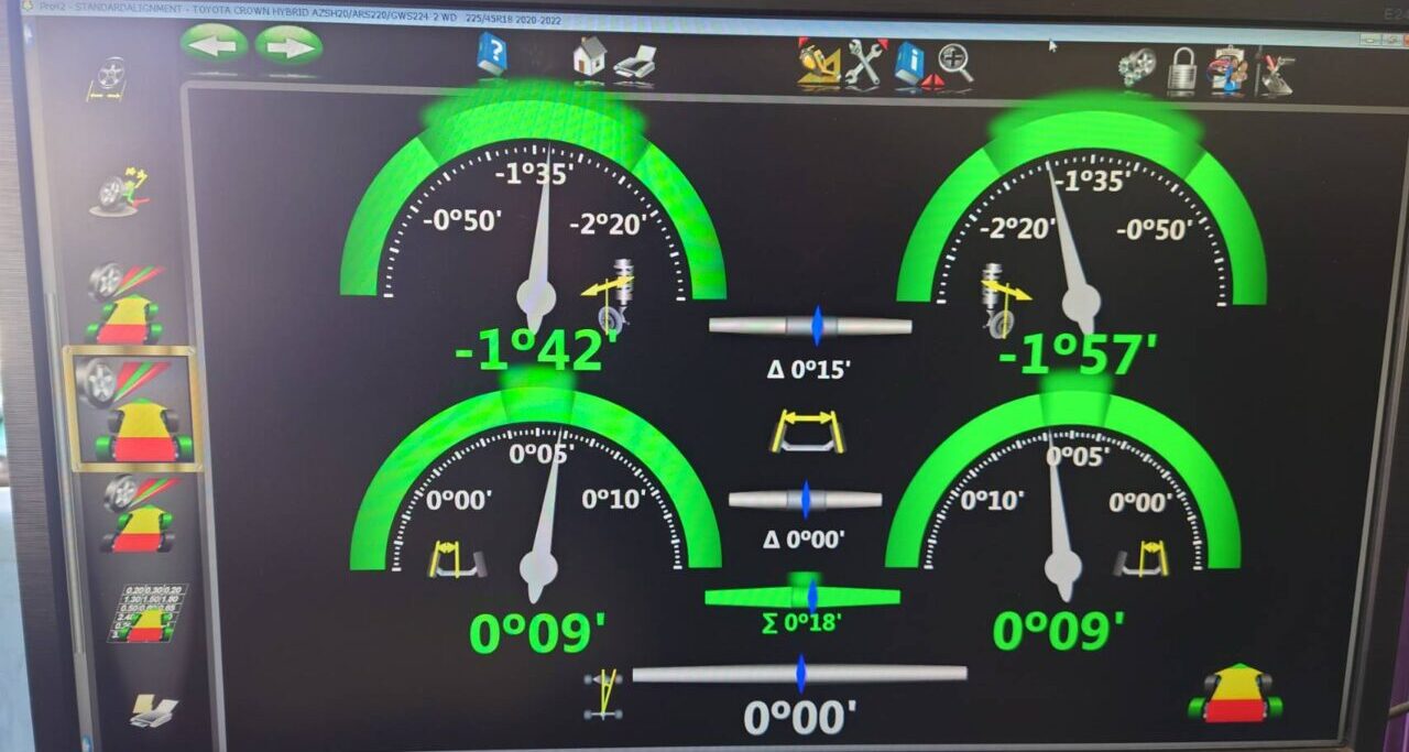 今回ご紹介する4輪アライメントはトヨタ クラウン AZSH20でのご入庫です。
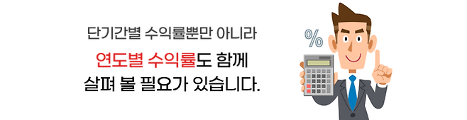 따라서 펀드 관련 정보를 볼 때 기간별 (직전 1개월, 3개월, 6개월, 1년, 2년, 3년) 수익률도 참고해야 하지만 연도별수익률(한 해동안의 수익률)도 함께 살펴봐야 단기수익률 효과의 마법에 빠지지 않고 정확한 투자판단을 할 수 있습니다.
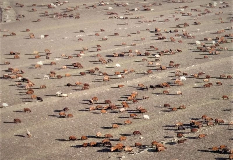 Binlerce koyunun bozkırda yolculuğu havadan görüntülendi. Dronenin sesinden korkarak koşan koyunlar kameralara yansıdı.
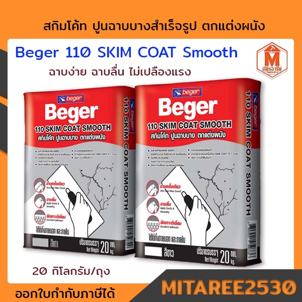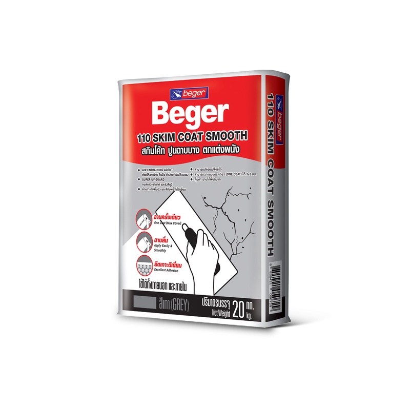 สกิมโค้ท ปูนฉาบบางสำเร็จรูป Beger 110 SKIM COAT Smooth สี สีขาว / สีเทา 20 กิโลกรัม
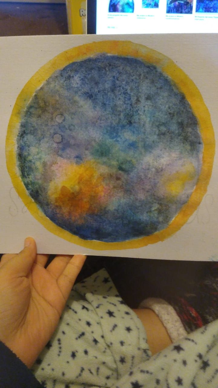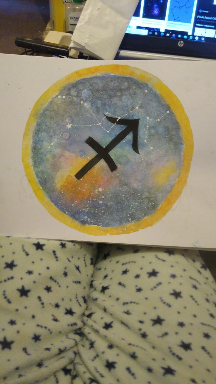 Fue difícil utilizar el plumón sobre la acuarela seca ya que este se secaba y tenia que pasarlo repetidas veces para que "soltara la tinta" y no se estropeara (por eso tantas pruebas del plumón), también que cuando me emociono hago movimientos medios erráticos derramando gotitas de acuarela sobre la parte blanca del lienzo (y el computador, el piso, mi ropa, etc) y la primera vez que le puse gotitas blancas se me fue l mano con la carga del cepillo de dientes, cosas de las que se va aprendiendo.
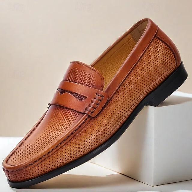Men's Premium Cowhide Embossed Leather Loafers - Stylish Textured Design for Casual and Formal Occasions#12825257
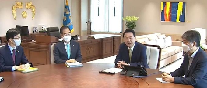 | ▲ 윤 대통령과 한덕수 국무총리 첫 주례회동.(사진= KTV방송 캡쳐본) |
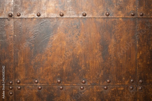 © Alam, Fototapeta premium Rusty metal texture background with rivets, perfect for adding a vintage or industrial touch to your designs and projects with a unique look
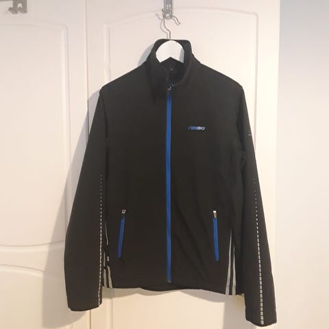 Muutaman kerran päällä ollut huomiotakki. Vettähylkivä takki softshelliä. Edessä neljä vetoketjutaskua. Korkea kaulus ja irrotettava huppu.
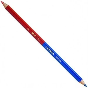 Dwustronny kształt ołówka zapewnia jego uniwersalne zastosowanie, zarówno na jasnych i ciemnych powierzchniach dzięki czerwonemu i niebieskiemu wkładowi.
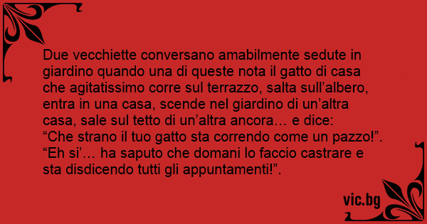 Due vecchiette conversano amabilmente sedute in giardino quando una di queste nota il gatto di casa che agitatissimo corre sul terrazzo, salta sull’albero, entra in una casa, scende nel giardino di un’altra casa, sale sul tetto di un’altra ancora… e dice:

> **Problem statement**
Produce an exact copy of the lines from the line with "Dwustronny kształt ołówka" through the last line of the data above, both ends included. No pictures belong in it.

> **Result**
 Dwustronny kształt ołówka zapewnia jego uniwersalne zastosowanie, zarówno na jasnych i ciemnych powierzchniach dzięki czerwonemu i niebieskiemu wkładowi.
 Due vecchiette conversano amabilmente sedute in giardino quando una di queste nota il gatto di casa che agitatissimo corre sul terrazzo, salta sull’albero, entra in una casa, scende nel giardino di un’altra casa, sale sul tetto di un’altra ancora… e dice:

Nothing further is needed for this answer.